[Opening Extracted entries section]
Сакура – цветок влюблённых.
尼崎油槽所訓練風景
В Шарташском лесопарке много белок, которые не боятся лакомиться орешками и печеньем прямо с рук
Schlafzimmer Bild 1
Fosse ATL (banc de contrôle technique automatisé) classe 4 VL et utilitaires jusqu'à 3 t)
[Closing Extracted entries section]
[Opening Extracted entries section]
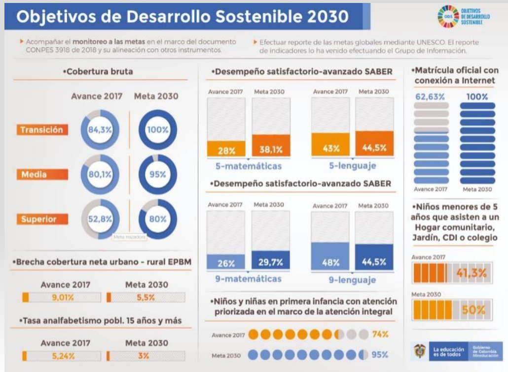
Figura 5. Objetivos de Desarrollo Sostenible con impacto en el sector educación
[Closing Extracted entries section]
[Opening Extracted entries section]
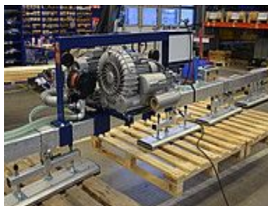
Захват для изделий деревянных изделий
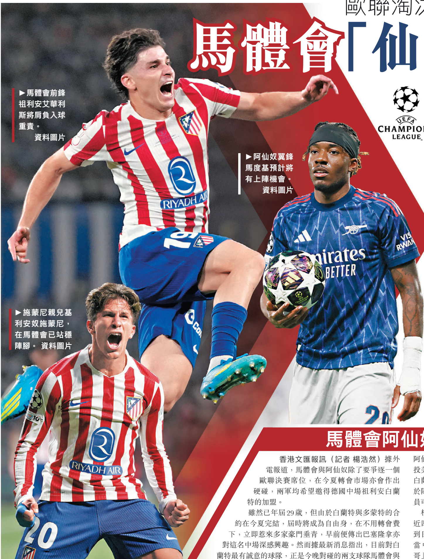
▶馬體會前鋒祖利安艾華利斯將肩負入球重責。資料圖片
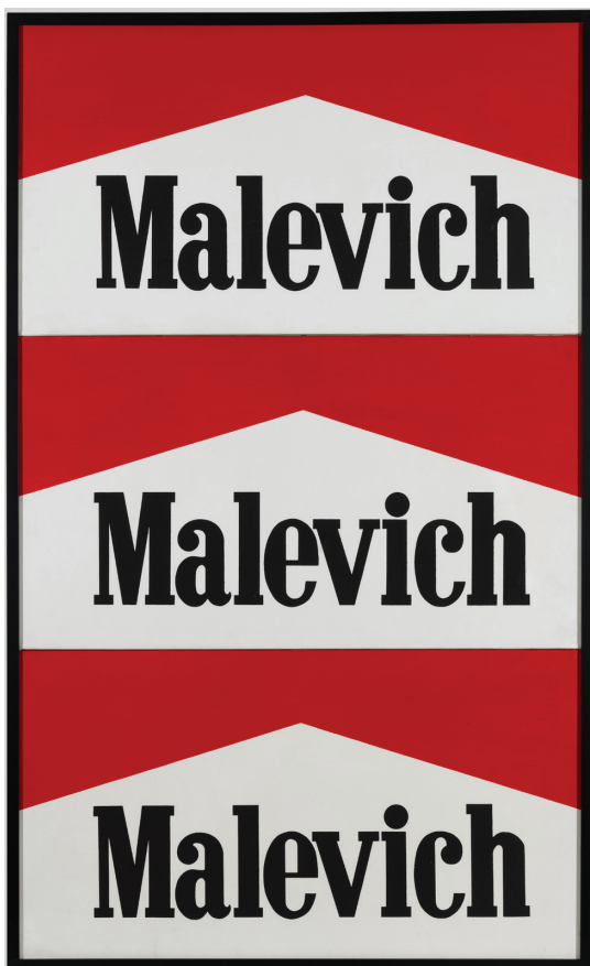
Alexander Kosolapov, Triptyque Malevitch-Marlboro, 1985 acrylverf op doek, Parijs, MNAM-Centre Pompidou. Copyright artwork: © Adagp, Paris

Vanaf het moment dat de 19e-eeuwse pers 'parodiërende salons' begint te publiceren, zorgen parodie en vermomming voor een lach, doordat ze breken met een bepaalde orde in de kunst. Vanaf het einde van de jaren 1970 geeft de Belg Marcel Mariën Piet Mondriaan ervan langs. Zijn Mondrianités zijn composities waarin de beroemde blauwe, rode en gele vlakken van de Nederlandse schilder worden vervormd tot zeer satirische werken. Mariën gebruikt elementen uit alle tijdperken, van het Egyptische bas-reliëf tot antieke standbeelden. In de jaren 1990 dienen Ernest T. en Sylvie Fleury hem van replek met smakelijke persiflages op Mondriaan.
[Closing Extracted entries section]
With the pictures removed from your copy, retype the lines above from the one that contains "Захват для изделий деревянных изделий" through the one that contains "Vanaf het moment", exactly.

## Task answer
Захват для изделий деревянных изделий
▶馬體會前鋒祖利安艾華利斯將肩負入球重責。資料圖片
Alexander Kosolapov, Triptyque Malevitch-Marlboro, 1985 acrylverf op doek, Parijs, MNAM-Centre Pompidou. Copyright artwork: © Adagp, Paris

Vanaf het moment dat de 19e-eeuwse pers 'parodiërende salons' begint te publiceren, zorgen parodie en vermomming voor een lach, doordat ze breken met een bepaalde orde in de kunst. Vanaf het einde van de jaren 1970 geeft de Belg Marcel Mariën Piet Mondriaan ervan langs. Zijn Mondrianités zijn composities waarin de beroemde blauwe, rode en gele vlakken van de Nederlandse schilder worden vervormd tot zeer satirische werken. Mariën gebruikt elementen uit alle tijdperken, van het Egyptische bas-reliëf tot antieke standbeelden. In de jaren 1990 dienen Ernest T. en Sylvie Fleury hem van replek met smakelijke persiflages op Mondriaan.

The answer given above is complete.